Socialising with members of The Hawk Conservancy Trust
On Friday morning, I left the guesthouse we were staying at early to visit Kamfersdam just outside Kimberley on the national road leading north to Johannesburg. This site is world-renowned for the establishment of the first man-made breeding island, established by friend and colleague Mark Anderson with the support of large business in Kimberley about 2 years ago. The site has been a great success and several thousand Lesser Flamingo pairs have bred successfully on the island since, making it the first substantial breeding site for this species in South Africa and the third most important breeding site for the species globally. This site is however under considerable pressure from sewage effluent and other developments which have received extensive coverage in the local and international media over the last 18 months. This resulted in Mark resigning as Ornithologist at NCape NC, but also contributed to him being offered the position as Chief Executive of BirdLife South Arica about a year ago. For more informatio about the site and any issues, have a look at http://www.savetheflamingo.co.za/
Lesser Flamingoes feeding at Kamfersdam with breeding
island in the background
The Forum met on Friday morning and our fieldworkers and SANParks were also able to discuss and sort out some challenges with regard to the two research projects we have initiated this year at the Kgalagadi TFCA and the recently established Mokala National Park, south of Kimberley. With the vulture still not obliging by about 3pm, Ronelle finally dropped me at the airport and I returned to Johannesburg late afternoon.
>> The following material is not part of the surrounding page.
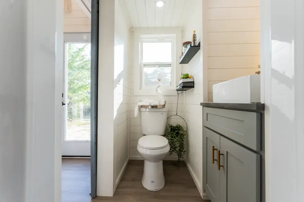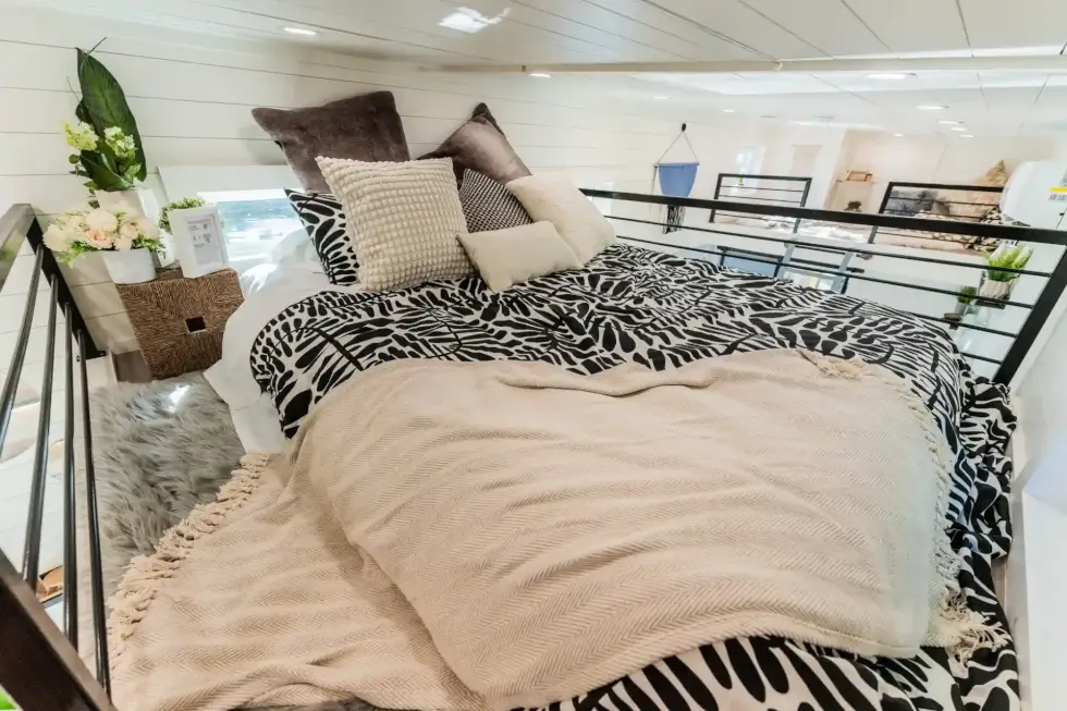 This space has a queen-sized bed and opens to natural light via glass windows. It also overlooks the second loft bed on the opposite end of the home. A ladder leads to the second loft bed. Under it is the bathroom equipped with a flashing toilet and shower and closes for privacy via a barn door.
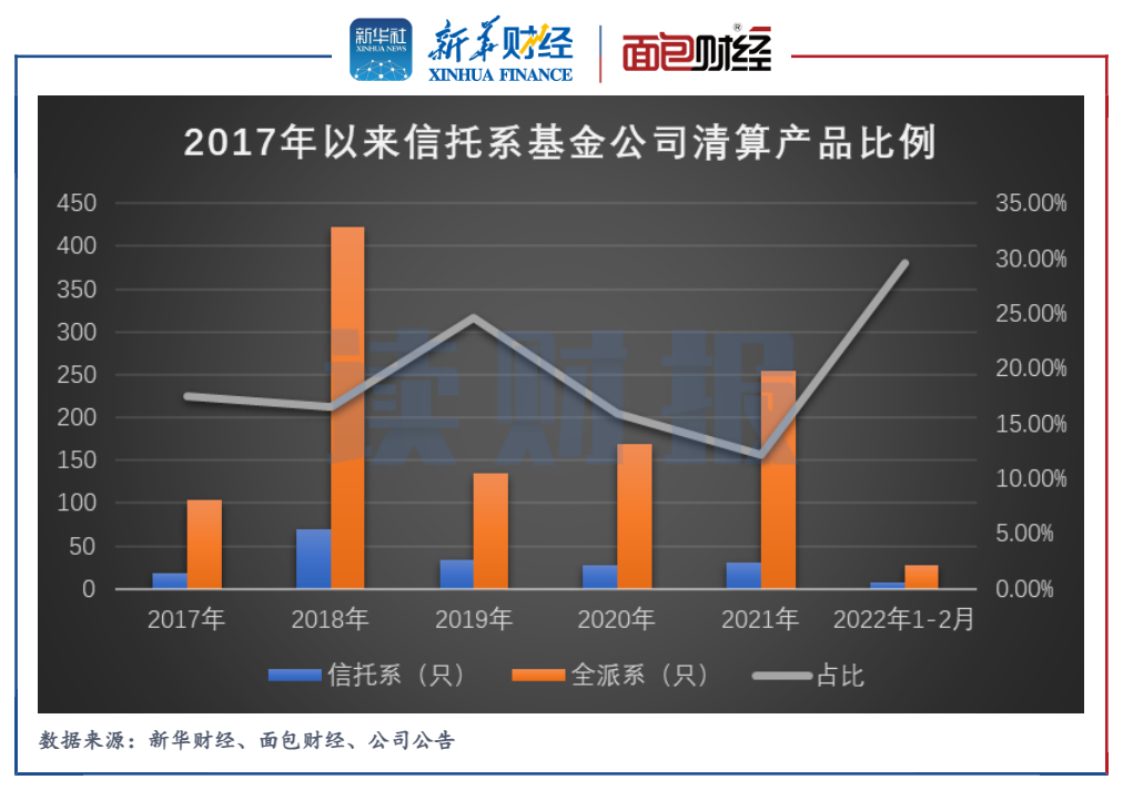 進(jìn)入2022年,在2個月的時間內(nèi),共有27只公募產(chǎn)品開始清盤,與去年同期的28只基本持平。其中,信托系基金公司共有8只產(chǎn)品進(jìn)入清算程序,較去年同期的2只大幅增加。

As usual, there were lots of other birds to be seen and recorded in and around Kimberley and I was able to confirm my first records of both Eurasian Bee-eater, African Cuckoo and Rufous-cheeked Nightjar at Dronfield for the summer. many of the resident birds were actively breeding and nests of Ashy Tit, Red-eyed Bulbul and Golden-tailed Woodpecker were easily located. I was also able to photograph a pair of Greater Striped Swallows collecting mud at a waterhole to build their nest.
Greater Stripe Swallow pair collecting nesting material
The co-operative work between the Hawk Conservancy Trust and Mark and his team form EWT-BoPWG/BLSA has already paid good dividends and I am sure that it will go from stregnth to strength. Here to hoping that there will be sufficient time for me to participate in the entire weekend of fieldwork at Dronfield next year!